━━ Recorded information ━━
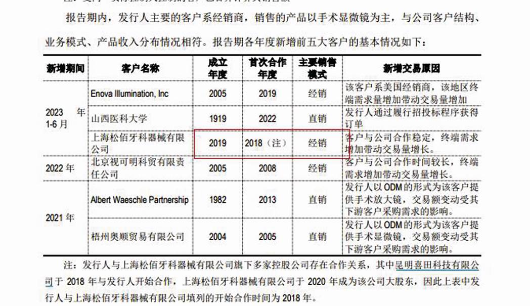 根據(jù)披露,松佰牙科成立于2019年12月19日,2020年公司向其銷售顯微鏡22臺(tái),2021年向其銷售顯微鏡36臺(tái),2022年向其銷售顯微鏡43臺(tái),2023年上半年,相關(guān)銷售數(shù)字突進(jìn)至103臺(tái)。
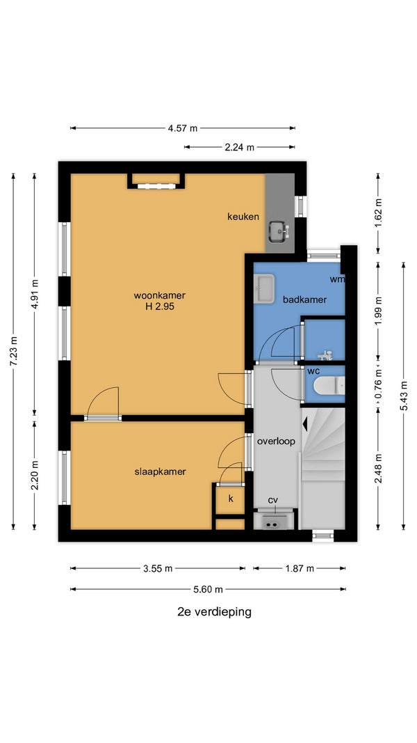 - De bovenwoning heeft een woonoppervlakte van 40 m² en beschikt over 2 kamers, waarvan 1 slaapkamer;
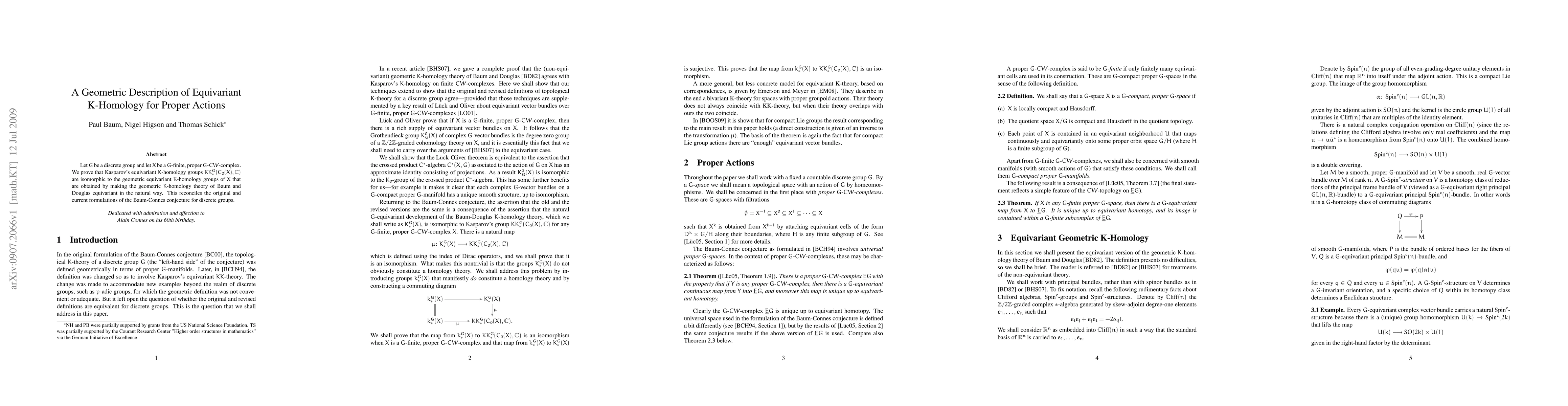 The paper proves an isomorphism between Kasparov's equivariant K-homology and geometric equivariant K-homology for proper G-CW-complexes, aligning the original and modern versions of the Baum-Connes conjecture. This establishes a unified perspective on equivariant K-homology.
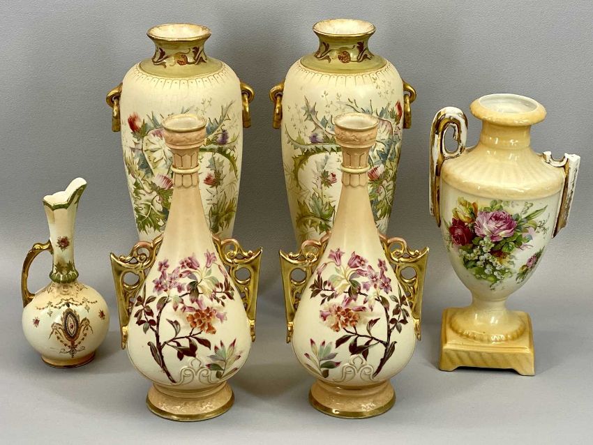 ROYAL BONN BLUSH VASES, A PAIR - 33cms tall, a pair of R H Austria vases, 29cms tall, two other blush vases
━━━
Exercise description: The data above must be copied exactly. Leave out the pictures.

Result:
 根據(jù)披露,松佰牙科成立于2019年12月19日,2020年公司向其銷售顯微鏡22臺(tái),2021年向其銷售顯微鏡36臺(tái),2022年向其銷售顯微鏡43臺(tái),2023年上半年,相關(guān)銷售數(shù)字突進(jìn)至103臺(tái)。
 - De bovenwoning heeft een woonoppervlakte van 40 m² en beschikt over 2 kamers, waarvan 1 slaapkamer;
 The paper proves an isomorphism between Kasparov's equivariant K-homology and geometric equivariant K-homology for proper G-CW-complexes, aligning the original and modern versions of the Baum-Connes conjecture. This establishes a unified perspective on equivariant K-homology.
 ROYAL BONN BLUSH VASES, A PAIR - 33cms tall, a pair of R H Austria vases, 29cms tall, two other blush vases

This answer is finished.